# Output sharpening in Lightroom



## Jotho (Sep 23, 2012)

Sunday night where I live. I am processing some family pictures from this weekend and just discovered a feature that I haven't seen or used before, it's the output sharpening feature in Lightroom. I've only used Lightroom a couple of months so far and still consider myself to be on a steep learning curve. Is this a useful function according to those of you who have used it? Is this a stupid question as I should always use it? Any advice is appreciated.


----------



## rwmson (Sep 25, 2012)

Yes, you always apply sharpening as the LAST step in your PP (because sharpening is dependent upon image resolution). Most digital images will benefit greatly from sharpening, just don't overdo it.


----------



## RLPhoto (Sep 25, 2012)

Jotho said:


> Sunday night where I live. I am processing some family pictures from this weekend and just discovered a feature that I haven't seen or used before, it's the output sharpening feature in Lightroom. I've only used Lightroom a couple of months so far and still consider myself to be on a steep learning curve. Is this a useful function according to those of you who have used it? Is this a stupid question as I should always use it? Any advice is appreciated.
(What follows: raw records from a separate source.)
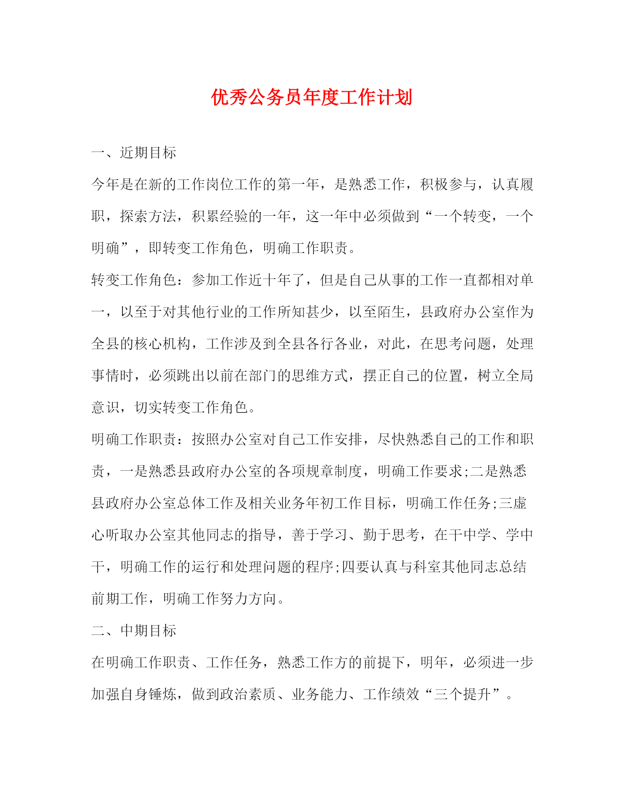 PAGE此资料由网络收集而来,如有侵权请告知上传者立即删除。资料共分享,我们负责传递知识。优秀公务员年度工作计划一、近期目标今年是在新的工作岗位工作的第一年,是熟悉工作,积极参与,认真履职,探索方法,积累经验的一年,这一年中必须做到“一个转变,一个明确”,即转变工作角色,明确工作职责。转变工作角色:参加工作近十年了,但是自己从事的工作一直都相对单一,以至于对其他行业的工作所知甚少,以至陌生,县政府办公室作为全县的核心机构,工作涉及到全县各行各业,对此,在思考问题,处理事情时,必须跳出以前在部门的思维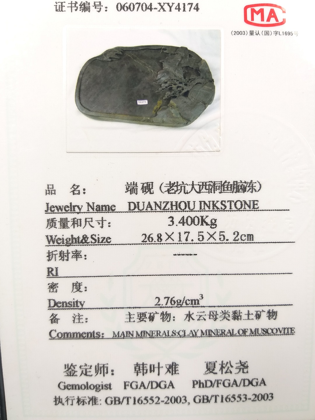 当方が出品の全ての端硯は皆、中国最高国家級鑑定機関において鑑定をしております。出品者の信用、名誉と、ご落札者の利益を保証するために、端硯偽物出品と見分けられるよう中国最高国家級鑑定証書をお付けいたしました。出品の端硯の品質は、お付けする中国最高国家級鑑定証書に基づき、弊社が保証いたします!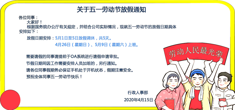 | 關于2020年五一勞動節的放假通知 |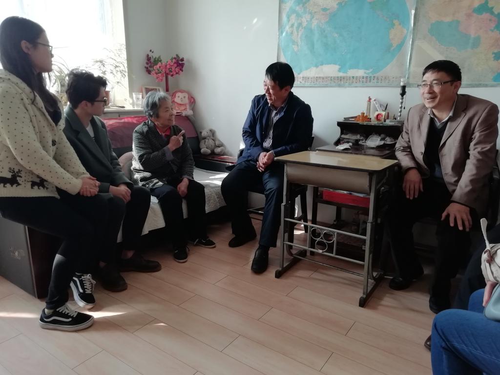 金秋十月,天高气爽,彩云追月,人寿花香。值此重阳佳节即将到来之际,学院党委书记罗建国,副院长李世中、副书记刘光、工会主席崔俊杰、教学科科长李霞、捐助奖学金获得者等人代表全院师生来到王靖君、段维民、葛双喜、赵捍东、崔志琴等几位退休老教师和生病教师身边走访慰问,送上广大师生的祝福,祝福老教师们重阳节快乐,健康长寿,祝愿生病的老师保重身体,早日康复。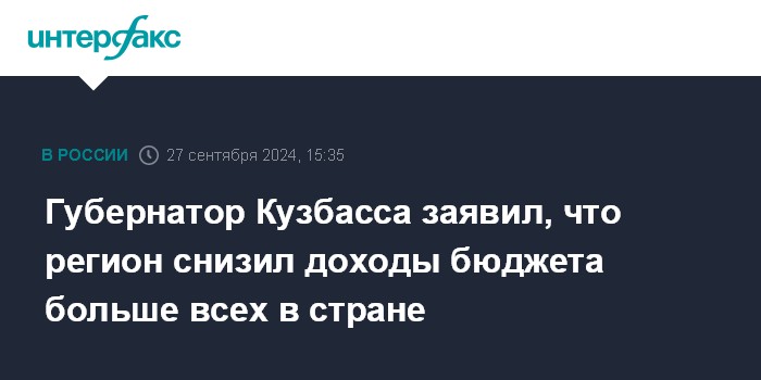 Губернатор Кузбасса заявил, что регион снизил доходы бюджета больше всех в стране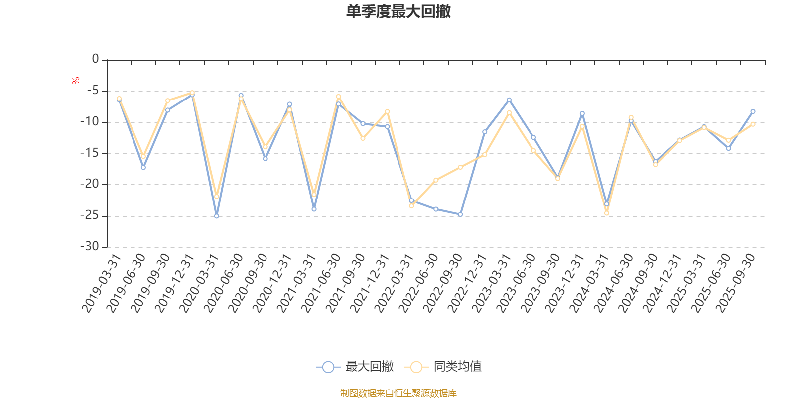 截至10月27日,基金近三年最大回撤为43.2%,同类可比基金排名22/51。单季度最大回撤出现在2020年一季度,为25.05%。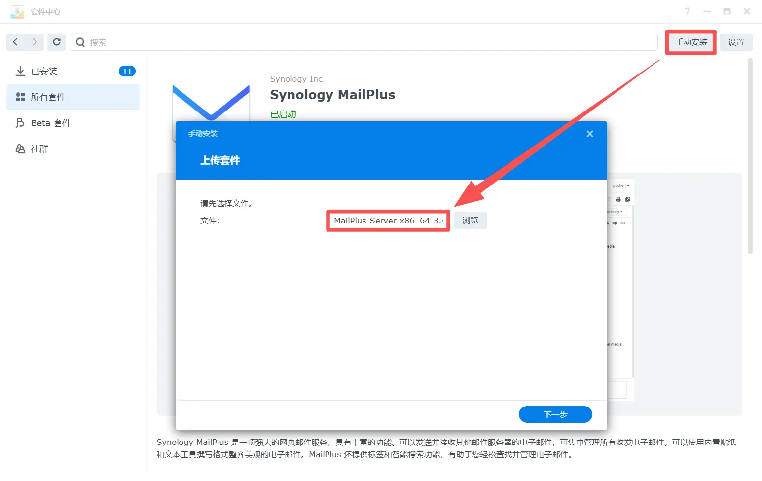 若存在更新版本,下载后在“套件中心 → 手动安装”中导入。

Web use require more aggressive sharpening than Print use. So yes, Use output sharpening.


----------



## DavidRiesenberg (Sep 25, 2012)

But should one use both the "regular" sharpening in LR and output sharpening?


----------



## DB (Sep 25, 2012)

rwmson said:


> Yes, you always apply sharpening as the LAST step in your PP (because sharpening is dependent upon image resolution). Most digital images will benefit greatly from sharpening, just don't overdo it.



+1

Recently I've begun using 'Smart Sharpen' in PS CS6 as my final step in 'post'. I find that all pictures benefit from a small to modest amount of sharpening e.g. 1.5px to 2.5px (radius) coupled with 24% to 45% amount (depending on the image), especially with images shot with my 24-70 mk I


----------



## 2n10 (Sep 25, 2012)

DavidRiesenberg said:


> But should one use both the "regular" sharpening in LR and output sharpening?



Yes, especially when you are outputting to JPEG due to the quality loss. It seems to show up in sharpness the most to my eyes.


----------